Originally published August 26 2015
NYT calls out Coca-Cola's harmful junk food science while ignoring Monsanto's fraudulent GMO science
by David Gutierrez, staff writer
(NaturalNews) The New York Times recently published an in-depth article on one of its blogs exposing the Coca-Cola Company's efforts to promote flawed science downplaying the importance of cutting calories -- particularly empty calories -- in order to lose weight. The company has been enlisting scientists to push the discredited idea that how much you eat doesn't matter when it comes to losing weight as long as you exercise enough.
The efforts of Coca-Cola and other fast food companies to hide their role in the obesity epidemic have rightly been compared to the deceptive techniques used by tobacco companies to hide their role in causing cancer. The New York Times is engaging in responsible journalism by exposing this scam.
Will the paper turn its eye to the equally deceptive scientific techniques used to "prove" genetically modified organisms (GMOs) are safe for consumption?
Coke paid $5.5 million to faux-scientific nonprofit
The New York Times article highlights recent revelations that Coca-Cola has provided major financial and logistical backing to a new nonprofit organization called the Global Energy Balance Network. This organization publicly promotes the idea that people trying to lose weight should worry less about what they eat and simply focus on doing more exercise.

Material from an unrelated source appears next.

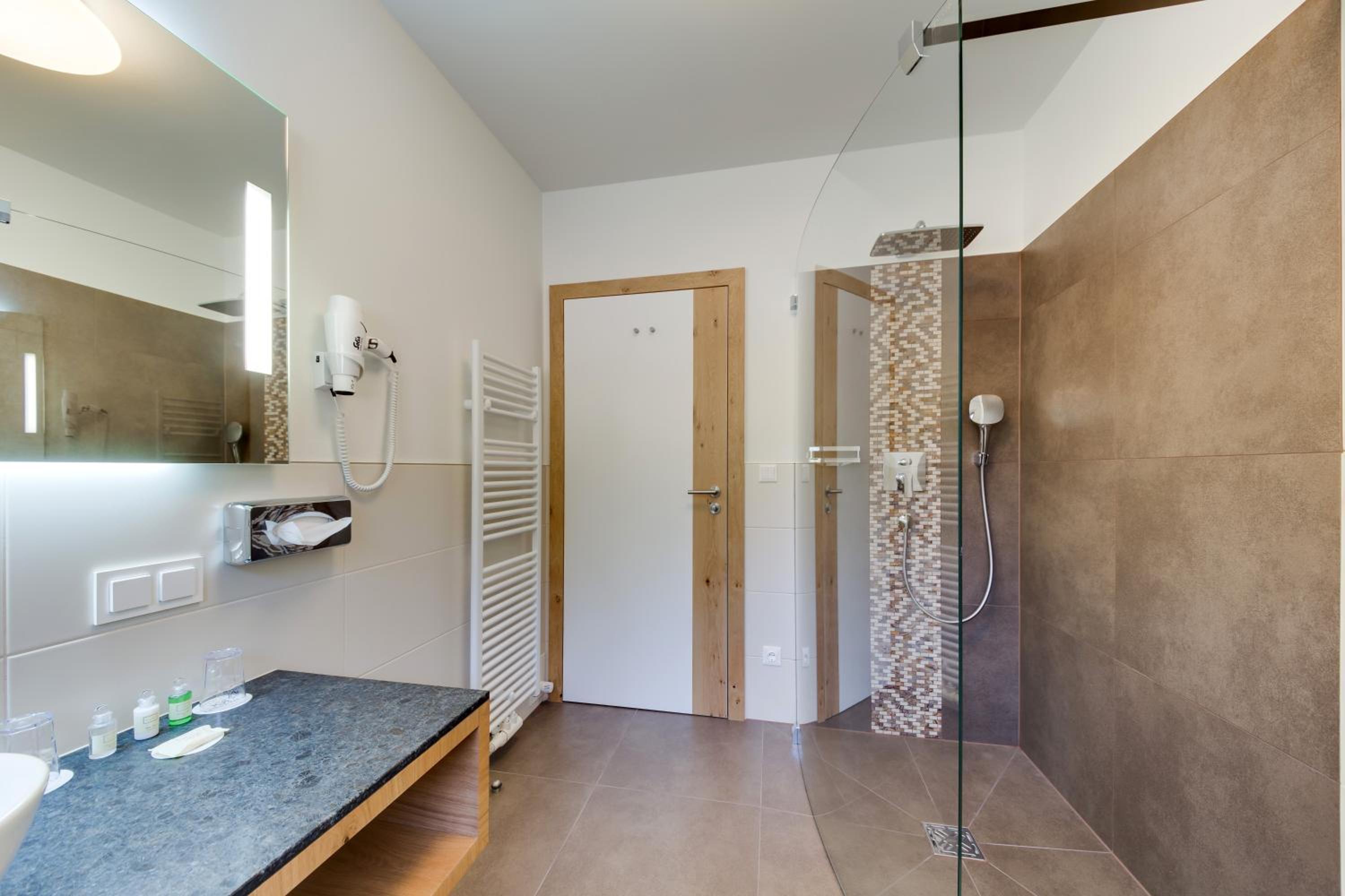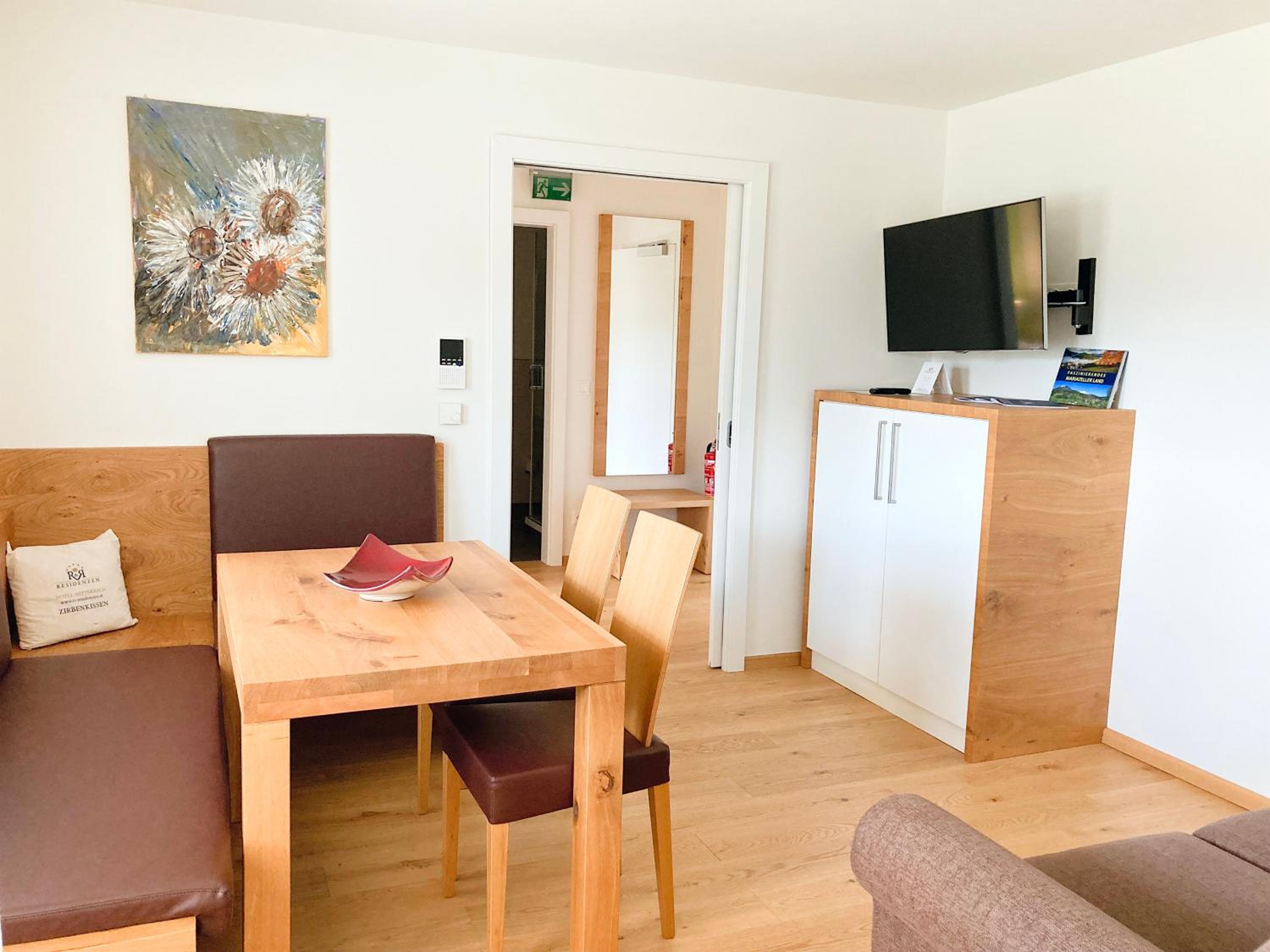Indulge in comfort with our well-appointed apartments featuring kitchens, seating areas, and some with terraces. Unwind in our private spa offering a sauna, infrared cabin, and a panorama bathtub.

The article reveals that Coke paid $1.5 million to get the group started and has also paid nearly $4 million to fund the projects of two of its founding scientists. The organization's website is registered to Coca-Cola headquarters. The company is listed as the site administrator.
The organization's creation was announced in an editorial in the British Journal of Sports Medicine in March. Shortly thereafter, the same journal published another editorial blasting groups like the Global Energy Balance Network and their fast food funders, accusing them of using tactics reminiscent of tobacco companies to hide the effect of fast food on the obesity epidemic.
The position promoted by Coca-Cola is flat-out wrong, scientists note. In the abstract, the energy balance concept is correct. In reality, how much people eat -- and what they eat -- has a far greater effect than how much they exercise. Sugary drinks and other high-glycemic foods cause the body to gain weight and keep it on.
In addition, exercise burns far fewer calories than most people think. In order to burn off the calories contained in a single 12-ounce can of Coke, you would have to walk three miles.
"Coca-Cola's sales are slipping, and there's this huge political and public backlash against soda, with every major city trying to do something to curb consumption," said public health lawyer Michele Simon. "This is a direct response to the ways that the company is losing. They're desperate to stop the bleeding."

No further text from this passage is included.